Workflow. In Acceleration Modeling, set Temperature Unit = Celsius, Import the CSV (columns Time_hours, Censor, Temperature_C), and click Fit Arrhenius Model. On the Predictions tab, enter Use Temperature = 65 °C, Stress Temperature = 125 °C, click Calculate Acceleration Factor, then set Shape at use = Common for the use-condition projection. For a deployment scenario, enter Field Deployment Time = 170,000 hours, Duty Cycle = 10% and click Calculate Reliability.
Result. The fit returns the activation energy Ea with R² ≈ 0.99 — a linear Arrhenius plot consistent with a single failure mechanism. The acceleration factor AF(125 → 65 °C) ≈ 27.7× (90% CI ≈ [2.2, 351.2] — very wide because Ea is poorly constrained by only three stress levels). At the use condition the projection gives β ≈ 2.78 (common-shape method) and η ≈ 42,952 operating hours (≈ 4.9 years continuous); B10 at use is ≈ 19,098 operating hours, or ≈ 19.1 calendar years at 1000 op-hr/yr — comfortably above the 10-year gate. Reliability at 170,000 calendar hours / 10% duty cycle ≈ 92.7%. The activation energy and Weibull shape from this fit are the inputs to Module 4 (re-entered manually — no automatic carryover).
Problem. A safety-critical brake-by-wire actuator is deployed across a 200,000-vehicle fleet operating from Alaska to Arizona. Operating temperature varies roughly 65–105 °C depending on climate, driving style, and brake load. At a $3,500 replacement cost per unit, the warranty reserve depends on how thermal variability propagates into 10-year failure rates — and on which input drives most of the uncertainty.
Workflow. Open Field Risk Assessment. On the Input tab:
- Field Stress Distribution —
Distribution = Normal,Mean = 358 K(85 °C),Std Dev = 10 K. - Life Model —
Distribution = Weibull,Shape β = 2.5,Scale η = 250,000 hours. - Acceleration Model —
Model Type = Arrhenius,Ea = 0.5 eV,Reference Temp = 358 K. - Computation Method —
Monte Carlo. Time Points —8760, 43800, 87600(1, 5, and 10 years).
Click Calculate Field Risk. The Module 2 / Module 3 references are workflow guidance; values are not carried over automatically between modules — this is a proof-of-concept reference app, so you re-enter the parameters here.
Result. The Results tab returns Field CDF, Reliability, and Hazard Rate at each time point with bootstrap 90% CIs from the Monte Carlo runs. For the inputs above the 10-year Field CDF lands at ≈ 0.11 — about 22,000 expected failures in the 200k fleet, a ≈ $77M warranty exposure at $3,500 per replacement. The Sensitivity tab tornado shows mean field temperature dominates the uncertainty; β, σ, and Ea are secondary. The actionable read: instrument a pilot fleet to validate field temperatures before refining the other inputs.
Reliability-MATLAB/
+-- +reliability/ % Function packages (all business logic)

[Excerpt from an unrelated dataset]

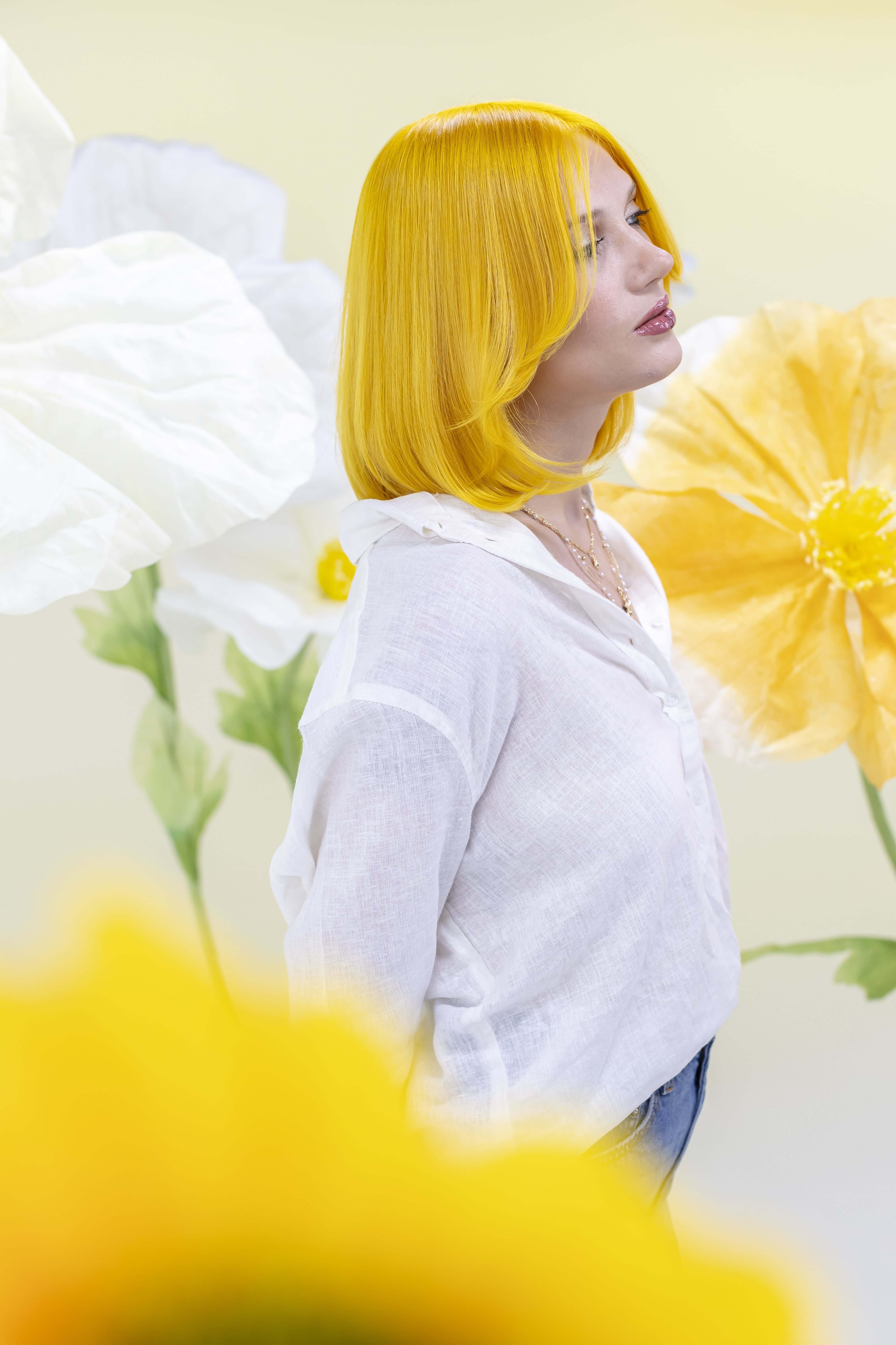 The addition of Bright Daffodil brings out a daring new dimension to the Sunflower seen in Golden Hour, transforming model Charlie’s hair into a sun-kissed masterpiece that stuns from every angle!

| +-- +stats/ % Sample size, confidence intervals, Fisher's exact test
| +-- +lifedist/ % Weibull, Lognormal, Exponential fitting; Kaplan-Meier; GOF
| +-- +acceleration/ % Arrhenius acceleration modeling
| +-- +fieldrisk/ % Monte Carlo simulation, sensitivity analysis
| +-- +io/ % Data import/export (CSV, Excel)

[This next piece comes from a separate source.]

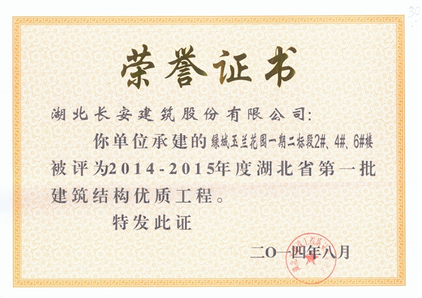 綠城玉蘭花園一期二標段2、4、6#樓被評為2014-2015年度省建筑結構優質工程

| +-- +utils/ % ReliabilityData class, distribution helpers
+-- app/ % App Designer interactive UIs
| +-- ReliabilityMAT.mlapp % Main launcher
| +-- Life_Distribution_Fitting.mlapp
| +-- Acceleration_Modeling.mlapp
| +-- Field_risk_assess.mlapp
| +-- Statistics.mlapp
+-- data/ % Sample datasets
+-- README.md
Contribution guidance is available in CONTRIBUTING.md. External contributions may or may not be accepted; please open an issue before proposing a pull request.
The license is available in the LICENSE.txt file in this repository.